Bowles v. Adelson

61 F. Supp. 288 | S.D.N.Y. | 1944

COXE, District Judge.

This is a suit for an injunction restraining the defendants from selling candies and confections until they prepare and keep available for examination a base period statement as required by Section 1499.11 of the General Maximum Price Regulation.

The plaintiff previously moved for an injunction pendente lite, and, when this motion was denied, the case was referred to a master to hear and report. A hearing was thereafter had before the master, and he has rendered a report recommending that no injunction be granted and that judgment be entered for the defendants denying relief to the plaintiff.

There was little conflict in the testimony before the master, and his findings of the essential facts may be briefly summarized.

The defendants are manufacturers of candy, which they sell at wholesale; they are the successors to Charles R. Adelson Co., Inc., which, in March 1942, conducted the business. The defendant Charles R. Adelson is the active head of the concern.

In 1942, the Adelson Company and the defendants together did a business of $309,-000, of which, in March 1942, 97.15% was with chain stores, and the remaining 2.85%, amounting to $909.23, was at prices higher than the prices paid by the chain stores. The defendant Charles R. Adelson was thoroughly familiar with Section 1499.11 of the Regulation requiring preparation of a base period statement, and he considered that the price lists of the two principal chain stores making purchases during March 1942 constituted a proper base period statement under the Regulation. These price lists, together with invoices showing prices at which the miscellaneous sales of $909.23 were made, were placed in a folder in an office safe where they were kept for preservation.
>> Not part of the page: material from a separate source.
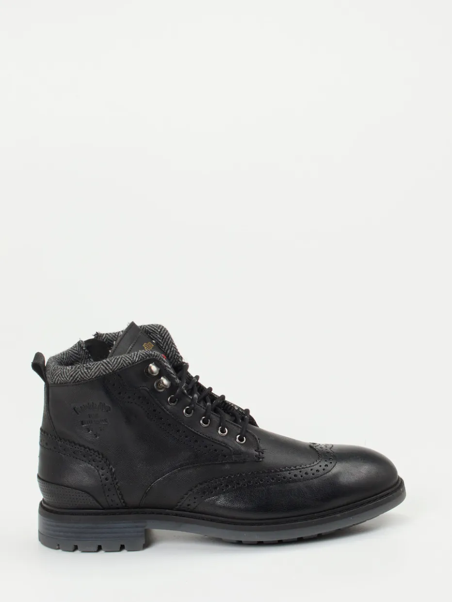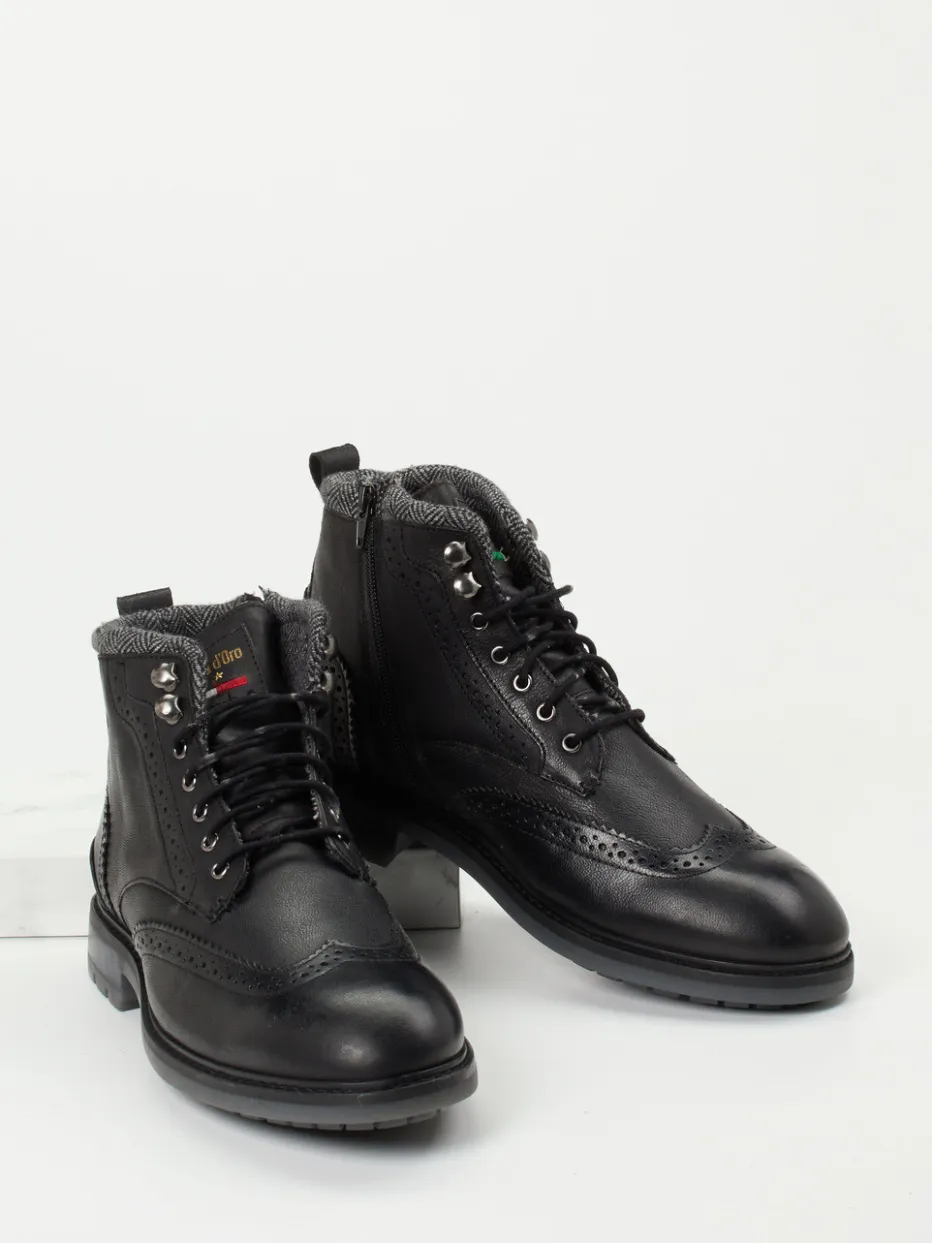 Stilvolle Präsenz bei jedem Schritt.Pantofola d’Oro präsentiert mit diesen Herren-Schnürboots ein Modell, das klassische Eleganz und zeitgemäße Funktionalität überzeugend vereint. Ideal für kalte Tage im urbanen Alltag, kombiniert der Boot schwarzes, dezent genarbtes Kalbleder in matter Optik mit einem markanten Brogue-Lochmuster und einem knöchelhohen Schnitt. Auffällig sind der zweifarbige Wollkragen im Hahnentritt sowie die silberfarbenen Metallösen. Die Gummisohle mit griffigem Profil sorgt für Trittsicherheit im Winter, während das warme Textilinnenfutter und ein seitlicher Reißverschluss hohen Tragekomfort versprechen. Passend zu Wollhose und Strick – ein Klassiker neu interpretiert. Markentypische Qualität mit maskulinem Designfokus – robust und stilvoll zugleich.

On January 21, 1944, an investigator from the Office of Price Administration visited the place of business of the defendants, and asked to see the base period statement. After some conversation with the investigator, the defendant Charles R. Adelson signed a written survey form, in which he admitted that no base period statement had been prepared showing the highest prices charged in March 1942, or the other information required by the Regulation.

On February 24, 1944, the complaint in the present action was filed, and some time later, and prior to the hearing before the master, the defendants prepared a base period statement, which the plaintiff concedes contains “substantially all the details required of a base period statement”. A copy of this statement has been conspicuously posted in the defendants’ place of business.

Section 1499.11 of the General Maximum Price Regulation provides that every person selling commodities or services for which maximum prices are established shall “prepare, on or before July 1, 1942, * * * and thereafter keep for examination by any person during ordinary business hours, a statement showing: (1) The highest prices which he charged for such of those commodities or services as he delivered or supplied during March 1942 * * * together with an appropriate description or identification of each such commodity or service; and (2) All his customary allowances, discounts, and other price differentials.”

I think it is perfectly clear that the chain store price lists and other invoices preserved by the defendants were in no way a compliance with this Regulation; they were merely evidentiary matter to assist the defendants in the preparation of the base period statement and to support the statement when it was prepared. It is apparent, also, from the findings made by the master that the defendant Charles R. Adelson was thoroughly familiar with the Regulation and what it required. I do not think, either, that it is a sufficient answer that the chain store price lists and the miscellaneous invoices furnished “substantially all information required to be furnished in a base period statement”, for obviously the administrative authority should not be required in each case to search through a multitude of supporting records to ascertain the base period prices called for by the Regulation. I cannot escape the conclusion, therefore, that during a period of a year and a half the defendants violated the Regulation in failing to prepare and keep for examination a base period statement.

The question remains whether the master was right in recommending that no injunction should issue. Ordinarily, the right to an injunction is not defeated by the defendant’s discontinuance of his illegal conduct if the likelihood of its resumption is found to exist. Securities and *290Exchange Commission v. Okin, 2 Cir., 139 F.2d 87, 88. But in the present case the injunction is sought only until the defendants shall prepare a base period statement containing the information required by the Regulation. This base period statement has now been prepared, and the plaintiff concedes that it is satisfactory. There is, therefore, nothing more for the defendants to do except to keep the statement “for examination by any person during ordinary business hours”; and it is unlikely that the defendants will fail to meet that requirement. I think, therefore, that the reason for the injunction no longer exists. Northwestern Light & Power Co. v. Town of Milford, 8 Cir., 82 F.2d 45, 47; Femmer v. City of Juneau, 9 Cir., 97 F.2d 649, 654; Mills v. Green, 159 U.S. 651, 16 S.Ct. 132, 40 L.Ed. 293; Wingert v. First National Bank, 223 U.S. 670, 32 S.Ct. 391, 56 L.Ed. 605; Brownlow v. Schwartz, 261 U.S. 216, 43 S.Ct. 263, 67 L.Ed. 620.

There may be a decree denying the injunction and dismissing the complaint.